- Standard cover

Studio album by FKA Twigs
- Released: 14 November 2025
- Genres: Dance; trip hop; electronica; avant-garde;
- Length: 40:11
- Labels: Young; Atlantic;
- Producers: Bapari; Manni Dee; Sam Every-Baker; FKA Twigs; Joy Henson; Illangelo; Kelvin Krash; LCN; Petra Levitt; Lilbubblegum; Doc McKinney; Mechatok; Mike Q; Yves Rothman; RougeHotel; Tic;

FKA Twigs chronology
| Eusexua (2025) | Eusexua Afterglow (2025) |  |

Alternative cover

Singles from Eusexua Afterglow
- "Cheap Hotel" Released: 26 September 2025; "Predictable Girl" Released: 11 November 2025; "Hard" Released: 17 November 2025; "Love Crimes" Released: 1 December 2025;

= Eusexua Afterglow =

2025 studio album by FKA Twigs

Eusexua Afterglow (stylised as EUSEXUA Afterglow) is the fourth studio album by the English singer FKA Twigs.
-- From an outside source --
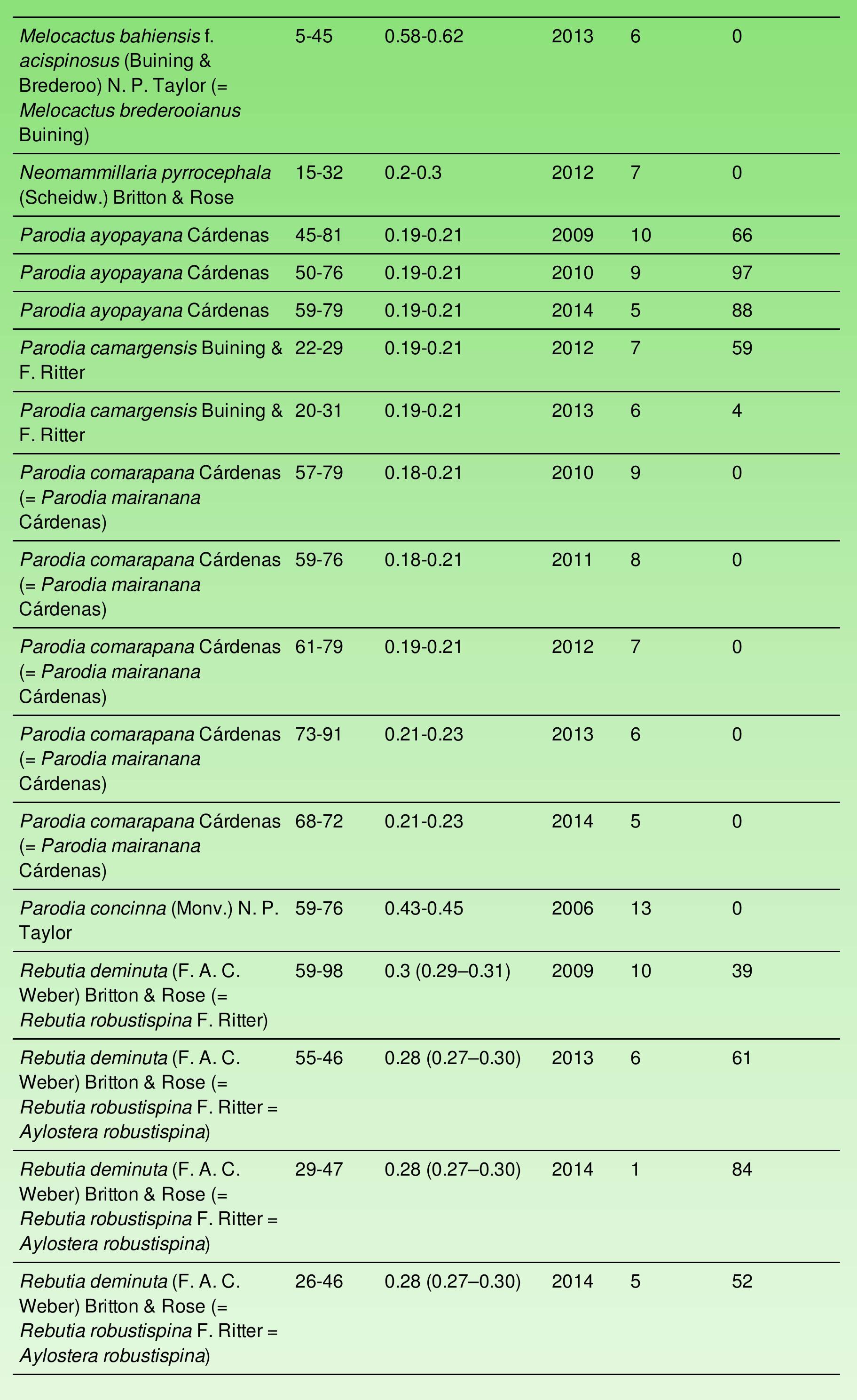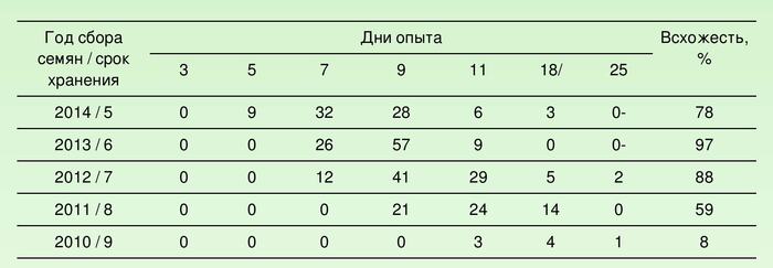 В табл. 2 представлена динамика прорастания семян Parodia comarapana разных лет сбора.

Released on 14 November 2025 through Young and Atlantic Records, the album spawned four singles: "Cheap Hotel", "Predictable Girl", "Hard" and "Love Crimes". Initially conceived as a deluxe edition of Eusexua (2025), the album eventually evolved to a standalone work as a sequel to Twigs' previous album.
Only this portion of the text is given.